Fidelity opens talks for access road

State funding sought for connector to headquarters

The Cincinnati Enquirer

        COVINGTON — Fidelity Investments has revived plans for a new connector road to its Covington regional headquarters.

        It could mean more jobs for the region.

        Executives from Fidelity, one of the world's largest investment firms, recently met with state and local officials to talk about securing state money to build the road.

        Fidelity operates a 2,000-employee office and mail-sort complex in Covington atop a hill that sits along Interstate 275 and between Ky. 16 and 17, known respectively as Taylor Mill Road and Madison Pike.

        The company said it wants the road to improve access and traffic flows to its Midwest regional headquarters and so it can possibly expand in the future, said State Rep. Tom Kerr, D-Taylor Mill.

        Mr. Kerr and officials from Taylor Mill and Covington recently met with Fidelity executives to discuss the road.

        Fidelity spokesman Kevin Canafax could not be reached Thursday, but Mr. Kerr said the company is interested in a road that would lead from its operation down to Ky. 17, which is west of its headquarters, or north to Howard Litzler Boulevard, an existing connector between Ky. 17 and Ky. 16.

        Fidelity now has only one access road off of Ky. 16.

        “Fidelity has always been interested in expanding and they would like another road to their facility,” Mr. Kerr said. “Right now they're exploring the possibilities.”

        Fidelity first began lobbying Gov. Paul Patton and state lawmakers for the road in 1995. It was placed in the state's six-year road plan shortly after, but was pulled from the plan in 1998 by Mr. Patton.

        At the time Mr. Patton said concern and opposition from local lawmakers and residents basically killed the project.

        Construction of the road would have forced the demolition of homes along West Grand Avenue, which is in Taylor Mill but just down the hill from Fidelity.

        Mr.
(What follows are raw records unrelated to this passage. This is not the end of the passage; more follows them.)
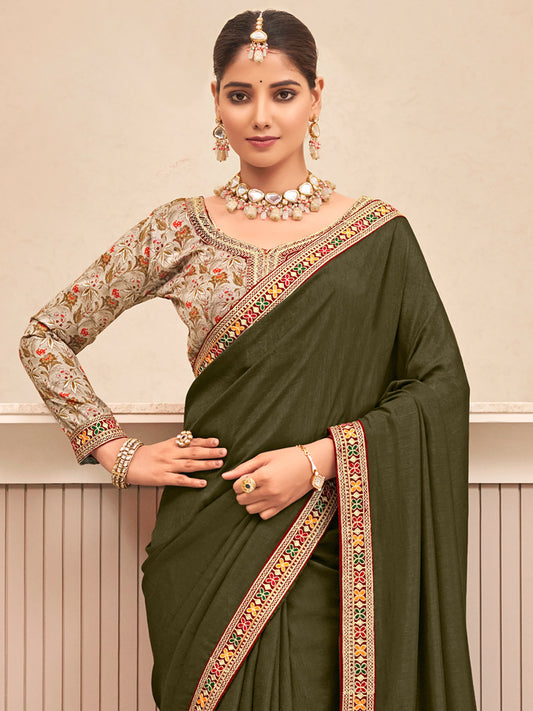 Women's Vichitra Silk Olive Embellished Designer Saree With Blouse Piece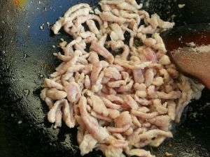 ,油热了后 倒入肉丝 慢慢翻炒
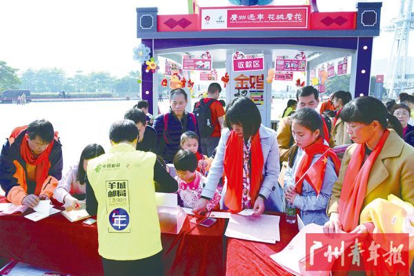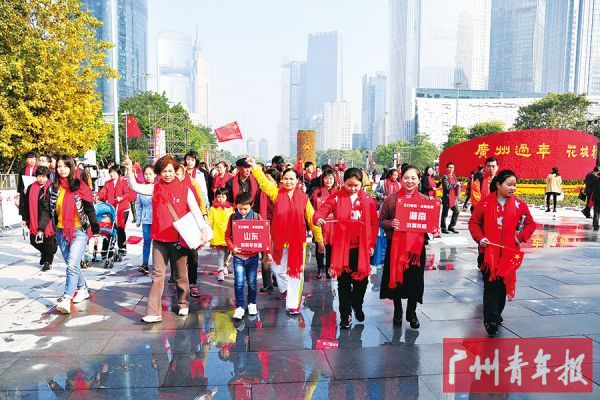 上午9时,“冬日暖阳•来穗团圆”关爱来穗务工青年家庭羊城体验日活动在花城广场举行。20户“团圆”家庭在志愿者的导览下,走进广州的城市客厅——花城广场,了解广州新中轴线标志性建筑的文化及其设计背景。随后,大家来到花城广场志愿驿站,与来自市青联的书法志愿者一同写“福”字和挥春,并派发给游览的市民。

Kerr said Fidelity is now committed to seeking a route that would not run through any residential areas.

        “Fidelity really just wants to open up conversations and go about this in the correct way this time,” said Mr. Kerr, one of the local lawmakers who previously opposed the road.

        Mr. Kerr said he would be open to supporting the road as long as some conditions were met, including making sure no homes were taken.
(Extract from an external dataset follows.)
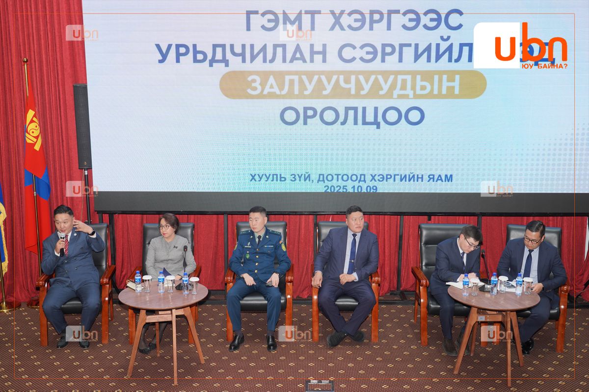 Салбар хэлэлцүүлгийн эхэнд Хууль зүй, дотоод хэргийн яамны Төрийн захиргааны удирдлагын газрын дарга Д.Үржинсүрэн, Соёл, спорт, аялал жуулчлал, залуучуудын яамны Залуучуудын хөгжлийн бодлогын хэрэгжилтийг зохицуулах газрын мэргэжилтэн А.Балдорж, Авлигатай тэмцэх газрын Урьдчилан сэргийлэх, соён гэгээрүүлэх хэлтсийн ажилтан комиссар Д.Балдандорж, Гэмт хэргээс урьдчилан сэргийлэх ажлыг зохицуулах зөвлөлийн Ажлын албаны ахлах мэргэжилтэн У.Дэлгэрхишиг, Төрийн тусгай албан хаагчдын нэгдсэн эмнэлгийн чанарын менежер Д.Бархасболд нар илтгэл танилцуулж, мэдээлэл хүргэлээ.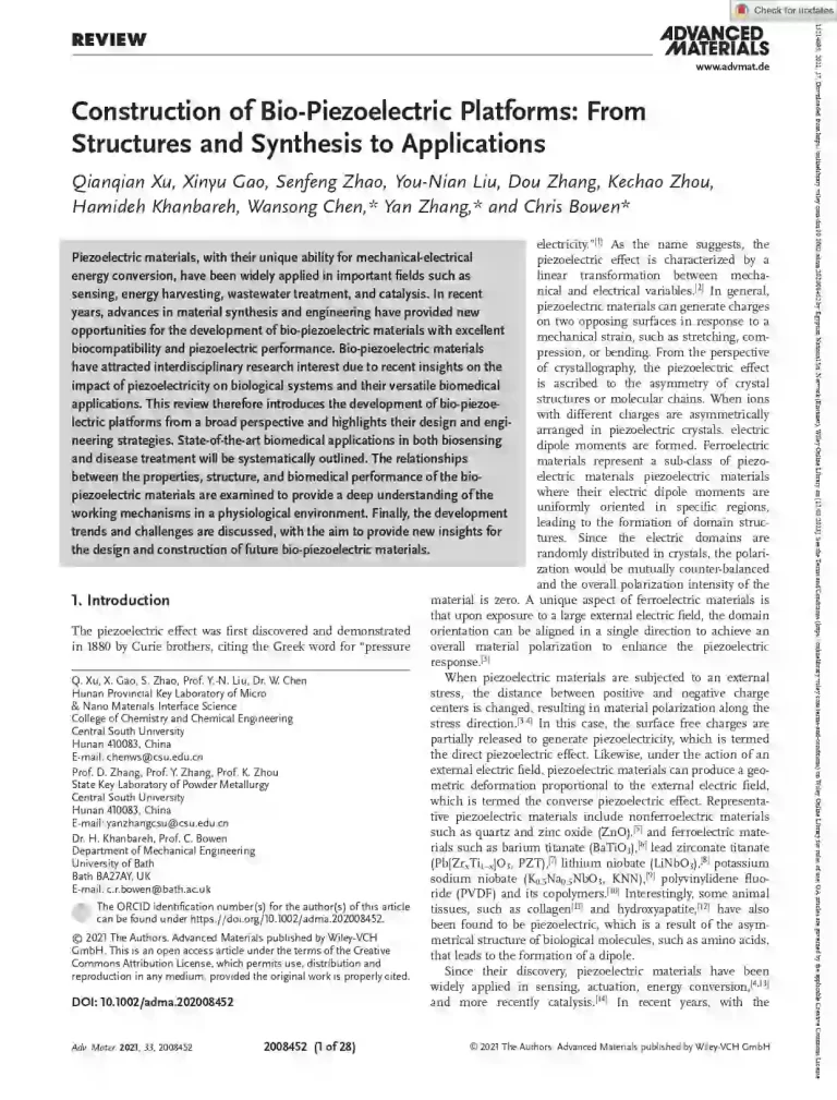 Construction of Bio-Piezoelectric Platforms: from Structures and Synthesis to Applications 43 27 View details Download

        “Certainly Fidelity is a good corporate entity here in Northern Kentucky,” Mr. Kerr said. “They have a lot of jobs in Covington and some very well-paying jobs. If we could help them expand that would be wonderful.
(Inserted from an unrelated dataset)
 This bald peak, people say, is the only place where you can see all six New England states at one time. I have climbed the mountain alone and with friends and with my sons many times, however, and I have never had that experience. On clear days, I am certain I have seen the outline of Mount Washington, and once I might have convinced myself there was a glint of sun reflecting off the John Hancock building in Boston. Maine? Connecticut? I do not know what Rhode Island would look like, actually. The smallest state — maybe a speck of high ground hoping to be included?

        “But we would have to weigh that against the costs of the construction and the impact that might have on neighboring property owners,” he said.

        Mr. Kerr said Fidelity talked about seeking the road as part of an economic development incentive package. The company did not talk specifics about any expansion plans but it's doubtful the state would spend money to build the road unless it would help create jobs.

        Fidelity has long said it would like to expand and add jobs in Covington. The company advertises almost non-stop for employees in this area.

        Officials from Covington and Taylor Mill did not return calls to comment Thursday.

        Taylor Mill had previously opposed the road when it was going through the West Grand Avenue neighborhood. Covington, however, had supported it.

        Mr. Kerr said Fidelity did not say when it would ask state leaders that the road be funded and built.

        “There's nothing imminent at this point,” he said. “They are just opening up some dis cussions and exploring all the possibilities.”

        Mr. Kerr said he did not know at this point how much the road would cost.